The good news is that in clarifying these prohibited practices (and those excluded from its material scope), the CGPAIP also addresses other more general aspects of the AI Act, which comes to provide much-needed legal certainty to all authorities, providers and deployers of AI systems/models in navigating the regulation.
It refines the scope of general concepts (such as “placing on the market”, “putting into service”, “provider” or ” deployer”) and exclusions from the scope of the AI Act, provides a definition of others not expressly included in the AI Act (such as “use”, “national security”, “purposely manipulative techniques” or “deceptive techniques”), as well as takes a position on the allocation of responsibilities of providers and deployers using a proportionate approach (establishing that these responsibilities should be assumed by whoever is best positioned in the value chain).
It also comments on the interplay of the AI Act with other EU laws, explaining that while the AI Act applies as lex specialis to other primary or secondary EU laws with respect to the regulation of AI systems, such as the General Data Protection Regulation (GDPR) or EU consumer protection and safety legislation, it is still possible that practices permitted under the AI Act are prohibited under those other laws. In other words, it confirms that the AI Act and these other EU laws complement each other.

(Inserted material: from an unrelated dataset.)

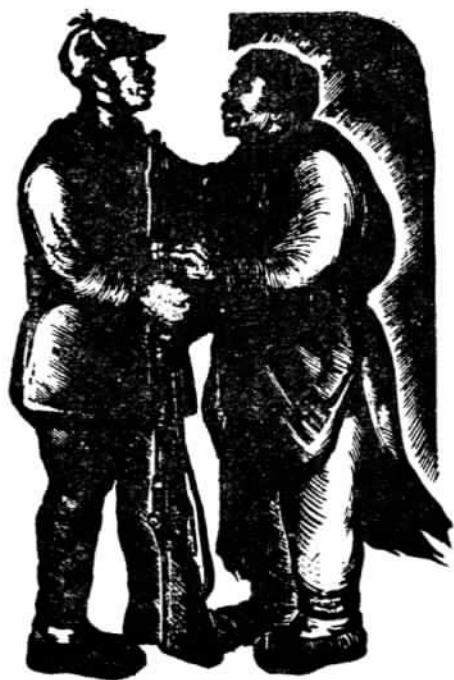
Comrades! A woodcut of 1942 by Lu Mang

The Peking School of Dancing has scored another hit with its production of the full-length Chinese ballet Maid of the Sea . In the few years since its founding, it has successfully produced three Western classical ballets— La Jeune Fille Mal Gardée , Swan Lake and The Corsair . But the latest addition to its repertoire is in a completely different vein. It is the first Chinese ballet that is based mainly on classical Chinese and folk dances while drawing on the Western ballet and Eastern dances. What makes it all the more significant is the fact that

However, this complementarity is likely to pose the greatest challenges to both providers and deployers of the systems. For example, while the European Data Protection Board (EDPB) has already clarified in its Opinion 28/2024 on certain data protection aspects related to the processing of personal data in the context of AI models (adopted in December 2024) that the “intended” purposes of AI models at the deployment stage must be taken into account when assessing whether the processing of personal data for the training of said AI models can be based on the legitimate interest of the providers and/or future deployers. The European Commission clarifies in Section 2.5.3 of the CGPAIP that the AI Act does not apply to research, testing (except in the real world) or development activities related to AI systems, or AI models before they are placed on the market or put into service (i.e. during the training stage). Similarly, the CGPAIP provides some examples of exclusions from prohibited practices (i.e., permitted practices) that are unlikely to find a lawful basis in the legitimate interests of providers and/or future users of the AI system.
The prohibited practices:
- Subliminal, purposefully manipulative or deceptive techniques (Article 5(1)(a) and Article 5(1)(b) AI Act)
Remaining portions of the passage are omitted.